* _PROBLEM STATEMENT_:
From the records below, output exactly the lines starting at the line with "软3D毛绒质感融合刺绣风,卡" and ending at the line with "Nuuroo Marti UV", both of them included, but no pictures.

* _DATASET EXTRACT_:
___

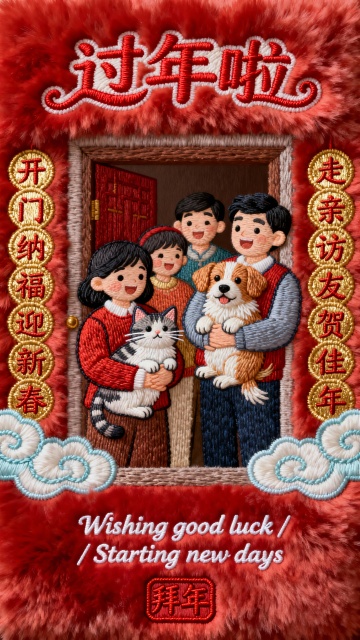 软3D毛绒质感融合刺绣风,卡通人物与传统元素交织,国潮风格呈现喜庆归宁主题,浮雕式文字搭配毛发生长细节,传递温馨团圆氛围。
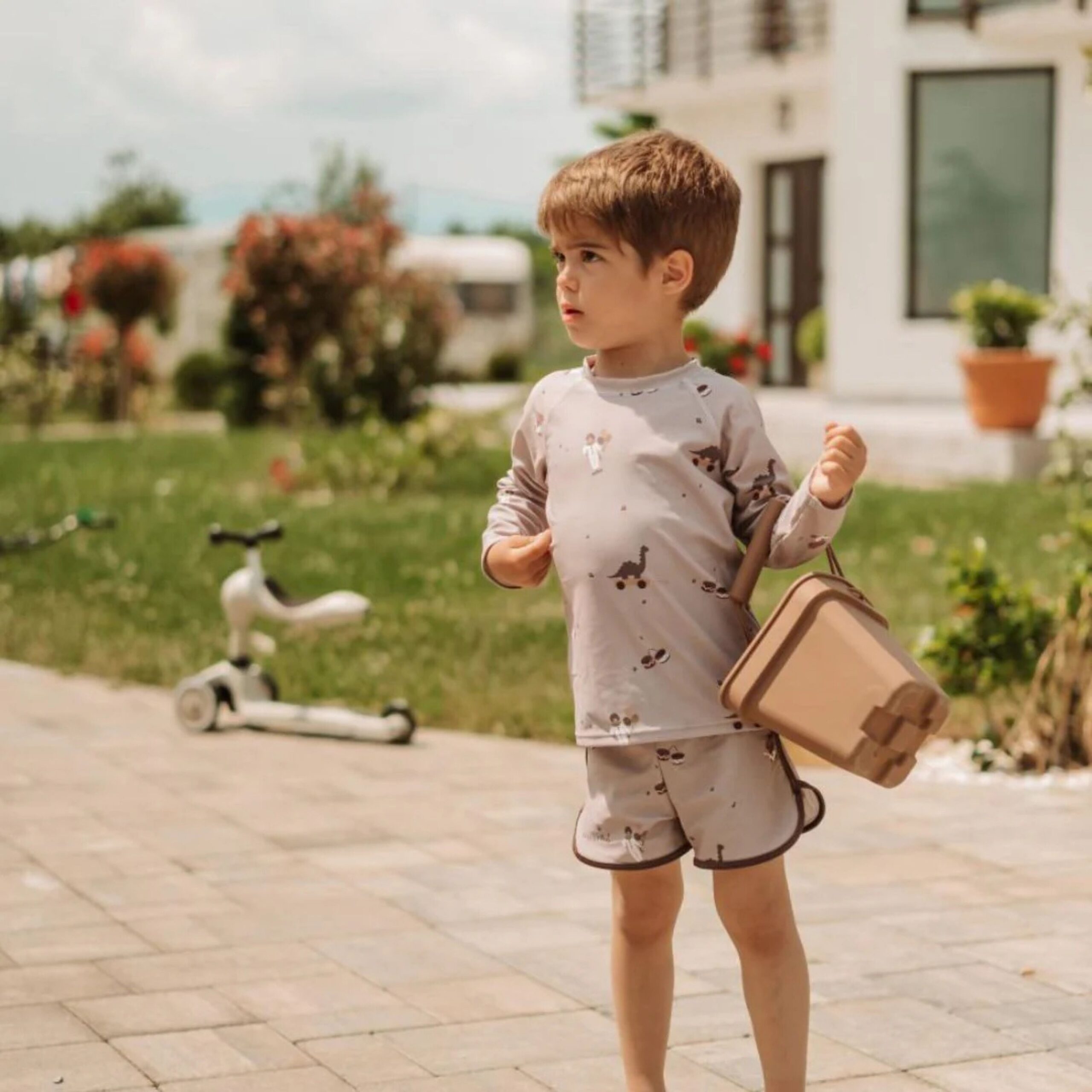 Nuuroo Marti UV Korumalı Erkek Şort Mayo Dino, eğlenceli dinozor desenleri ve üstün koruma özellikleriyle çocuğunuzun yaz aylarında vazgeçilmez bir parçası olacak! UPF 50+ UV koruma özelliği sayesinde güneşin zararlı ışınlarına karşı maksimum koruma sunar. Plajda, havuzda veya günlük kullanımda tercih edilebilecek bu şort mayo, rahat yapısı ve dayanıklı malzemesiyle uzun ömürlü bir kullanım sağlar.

___

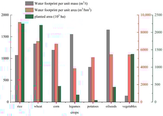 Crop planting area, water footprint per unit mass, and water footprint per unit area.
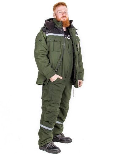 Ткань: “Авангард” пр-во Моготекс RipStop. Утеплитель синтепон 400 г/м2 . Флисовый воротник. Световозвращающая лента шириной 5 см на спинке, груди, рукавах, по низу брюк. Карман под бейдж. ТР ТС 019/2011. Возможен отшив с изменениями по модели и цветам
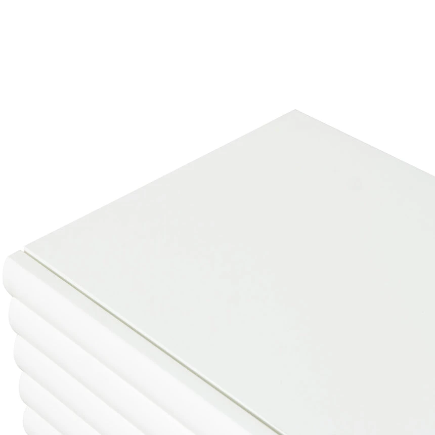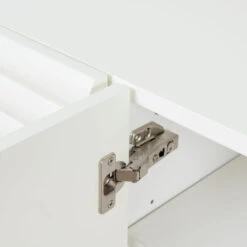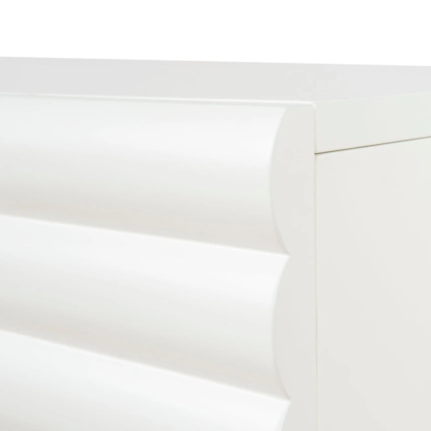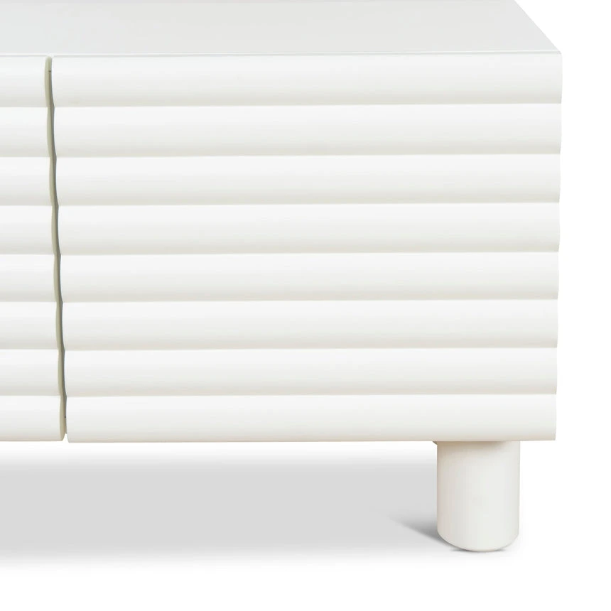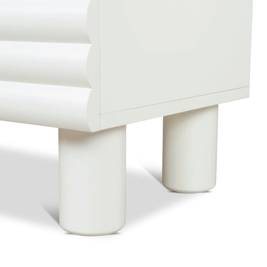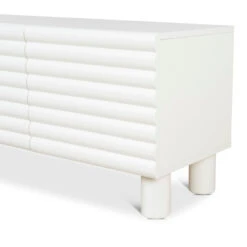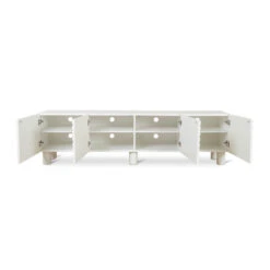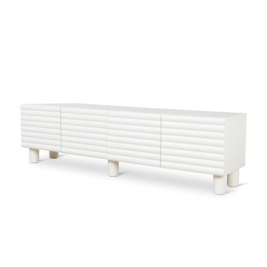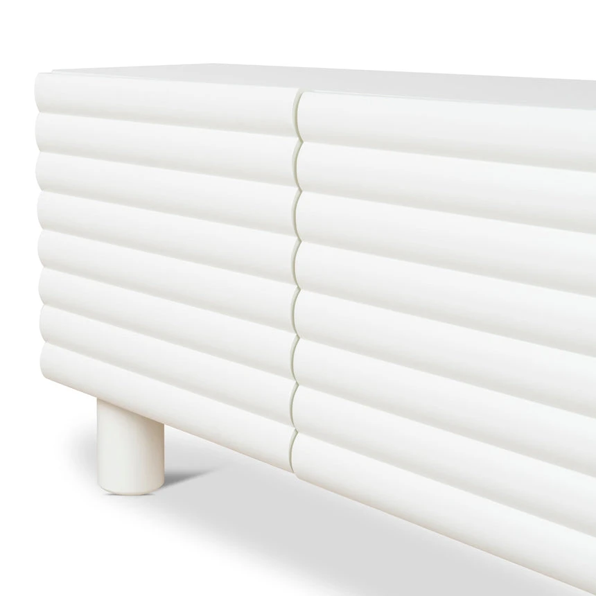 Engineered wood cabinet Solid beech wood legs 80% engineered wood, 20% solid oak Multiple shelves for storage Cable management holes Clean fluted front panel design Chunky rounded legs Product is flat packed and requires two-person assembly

___

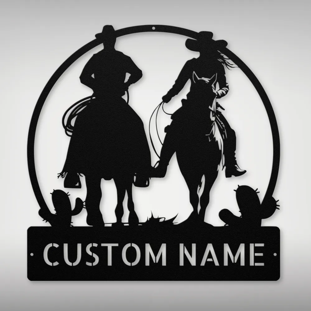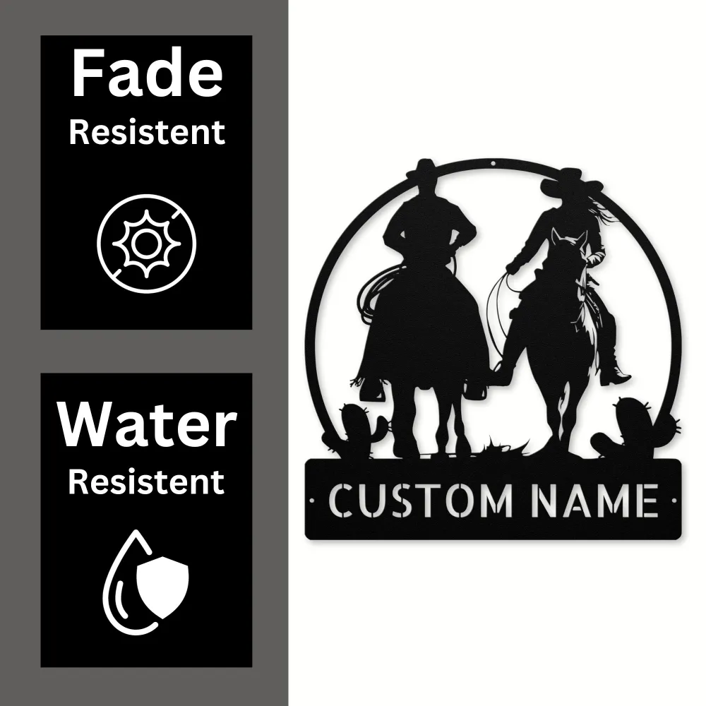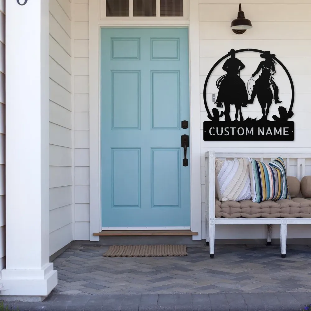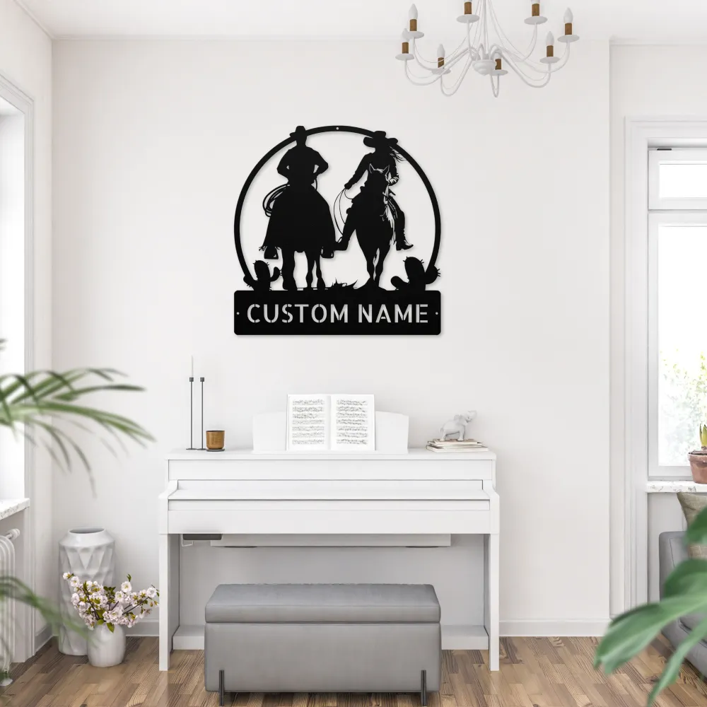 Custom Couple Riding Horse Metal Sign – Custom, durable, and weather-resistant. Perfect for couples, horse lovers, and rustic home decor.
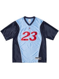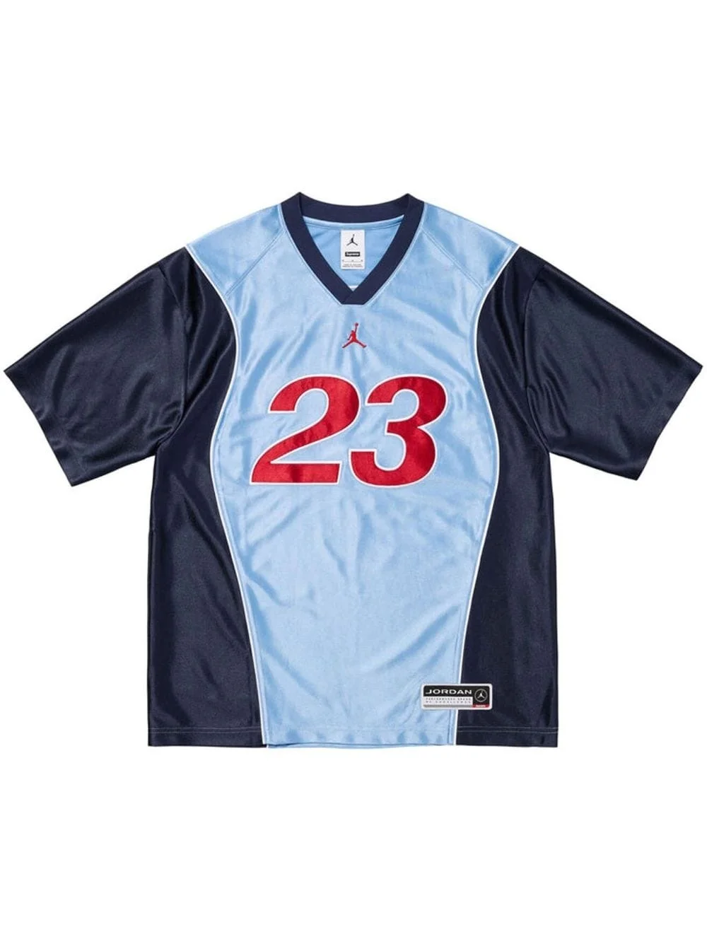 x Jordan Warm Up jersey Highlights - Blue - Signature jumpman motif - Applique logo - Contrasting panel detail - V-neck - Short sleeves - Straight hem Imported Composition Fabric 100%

___

* _EXERCISE ANSWER_:
 软3D毛绒质感融合刺绣风,卡通人物与传统元素交织,国潮风格呈现喜庆归宁主题,浮雕式文字搭配毛发生长细节,传递温馨团圆氛围。
 Nuuroo Marti UV Korumalı Erkek Şort Mayo Dino, eğlenceli dinozor desenleri ve üstün koruma özellikleriyle çocuğunuzun yaz aylarında vazgeçilmez bir parçası olacak! UPF 50+ UV koruma özelliği sayesinde güneşin zararlı ışınlarına karşı maksimum koruma sunar. Plajda, havuzda veya günlük kullanımda tercih edilebilecek bu şort mayo, rahat yapısı ve dayanıklı malzemesiyle uzun ömürlü bir kullanım sağlar.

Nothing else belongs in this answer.